Levi (Lewis) Billig (לוי ביליג; 1897 – 22 August 1936) was an Anglo-Jewish orientalist and scholar of Arabic. One of the pioneers of Arabic education in the Yishuv in Mandatory Palestine, Billig co-edited the first Arabic textbook for Hebrew-speaking students and was the first lecturer in Arabic language and literature at Hebrew University of Jerusalem.

Billig was murdered in 1936 by an Arab assassin in his home in the early months of the 1936-1939 Arab revolt in Palestine.

==Early life==
Billig was born in London, England, in 1897. He earned two master's degrees, in classics from London University in 1920 and in Oriental Studies from Trinity College, Cambridge in 1925. At Cambridge, his professors included Edward Granville Browne, Anthony Ashley Bevan, and Reynold A. Nicholson. He also studied at Jews' College London.

==Academic career==
In 1926, Hebrew University administrator Judah L. Magnes appointed German scholar Josef Horovitz as the inaugural Visiting Director of the university's School of Oriental Studies. Billig was appointed the first lecturer in Arabic Language and Literature and oversaw the new department's research work. Billig was the only one of the eight founders of the School of Oriental Studies not to graduate from a German university.

Billig's research interests included early Shi'ite literature. He began work on an edition of Basa'ir ad-Darajat, a compilation of Hadiths among Shias.

In the late 1920s, Billig was involved in advancing efforts to teach Arabic in Jewish schools in the Yishuv.

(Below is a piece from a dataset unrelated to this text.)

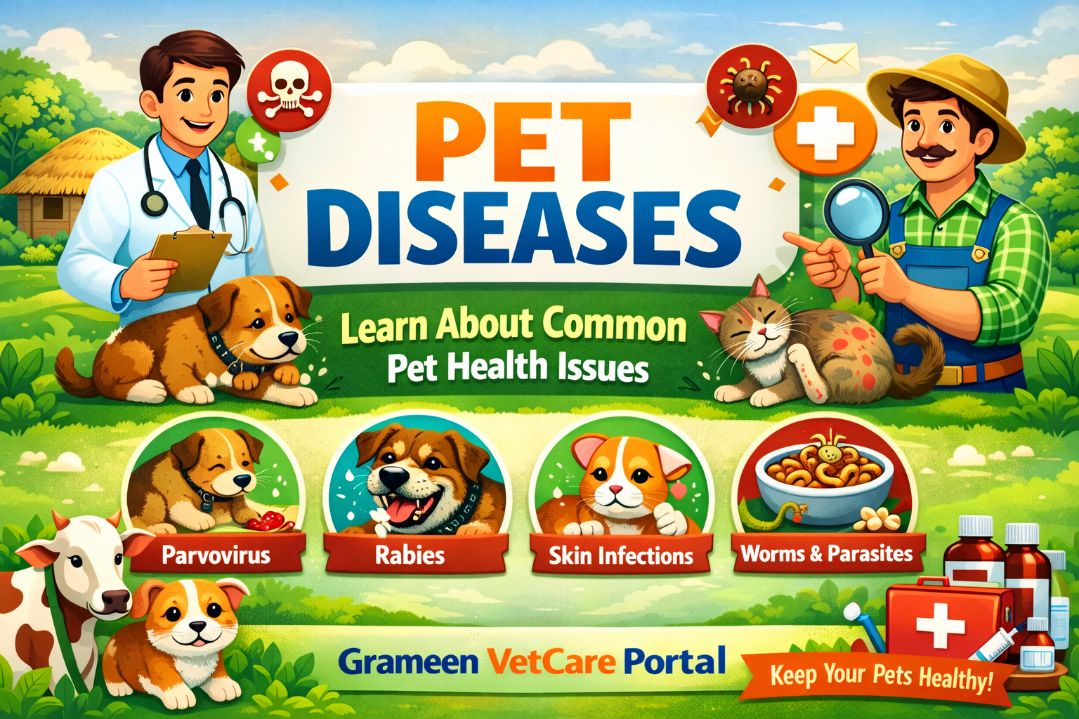 Pet diseases are health problems that affect animals such as dogs, cats, and other pets. These diseases may be caused by viruses, bacteria, parasites, poor nutrition, or environmental conditions. Since pets cannot express pain verbally, pet owners must carefully observe any changes in behavior or physical condition. Early detection and proper veterinary care are essential to keep pets healthy and prevent serious illness.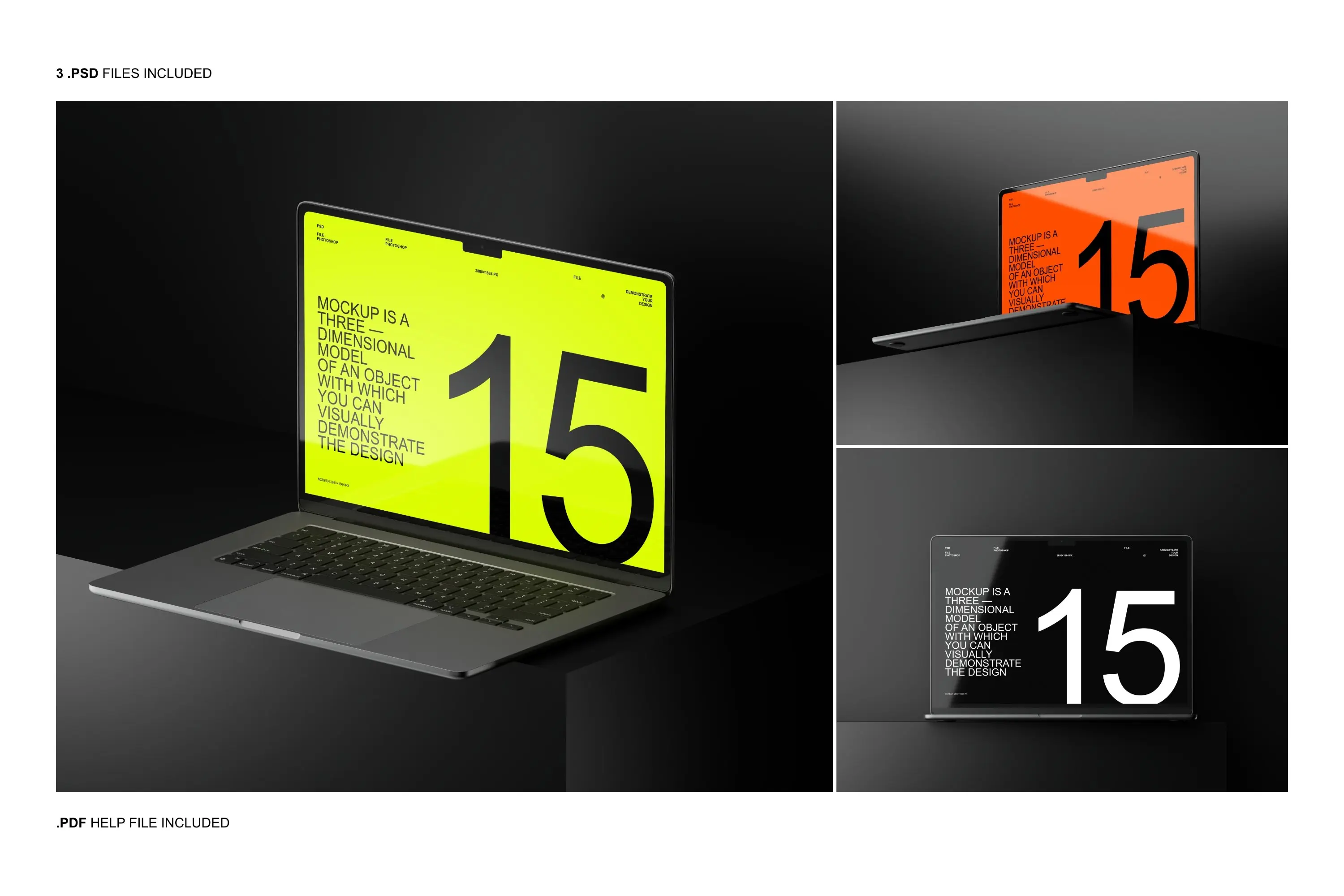 MacBook Air Mockup Set 高级工业黑化风苹果笔记本MacBook Air屏幕演示样机PSD模板合集

He participated in the inaugural meeting in 1927 of Arthur Biram and David Yellin's "committee for Arabic studies in high schools". At the meeting, the committee agreed to compose an Arabic Reader textbook, edited by Billig and David Yellin's son Avinoam Yellin, an Arabic scholar and orientalist. Despite the outbreak of the 1929 Palestine riots, progress on the textbook continued, and Billig and Yellin published their textbook Mukhtarat al-Qira'a (lit. 'Collections of Readings') in 1931, the first ever educational material designed for Hebrew-speaking students.

In the introduction, the editors expressed hope that the book would facilitate Arabic studies. Billig and Yellin included classic Arabic compositions, from the Pre-Islamic era through the modern period, that the editors hoped Jewish students would learn. The textbook was also published in Hebrew and English.

==Death==
On 22 August 1936, Billig was killed while sitting at his desk in the study of his home in the Jerusalem suburbs by an Arab who shot at Billig through the shutters. At the time of his death, he was working on Basa'ir ad-Darajat, and his corpse was found surrounded by Arabic manuscripts. Billig was one of three Jews killed by Arabs on 22 August, and one of 73 Jews killed since the beginning of the Arab revolt. Hebrew University closed on 23 August in mourning over Billig's murder. According to Yonatan Mendel of Ben-Gurion University, Billig's murder "shook the world of Jewish Orientalism in Palestine to its foundations". Shelomo Dov Goitein dedicated his Hebrew version of Genealogies of the Nobles by 9th century Muslim historian Al-Baladhuri, published in 1938, to Billig.

Billig's death was linked with that of Avinoam Yellin, a frequent Billig collaborator and the son of David Yellin, who was killed in October 1937 during the 1936–1939 Arab revolt in Palestine. Both men had dedicated their lives to the study of and friendship with Arabs. Their deaths marked the symbolic death of the Arabic Reader and signaled a change in Arabic studies for Jewish schools in Palestine, from a grammarian approach to one more practical.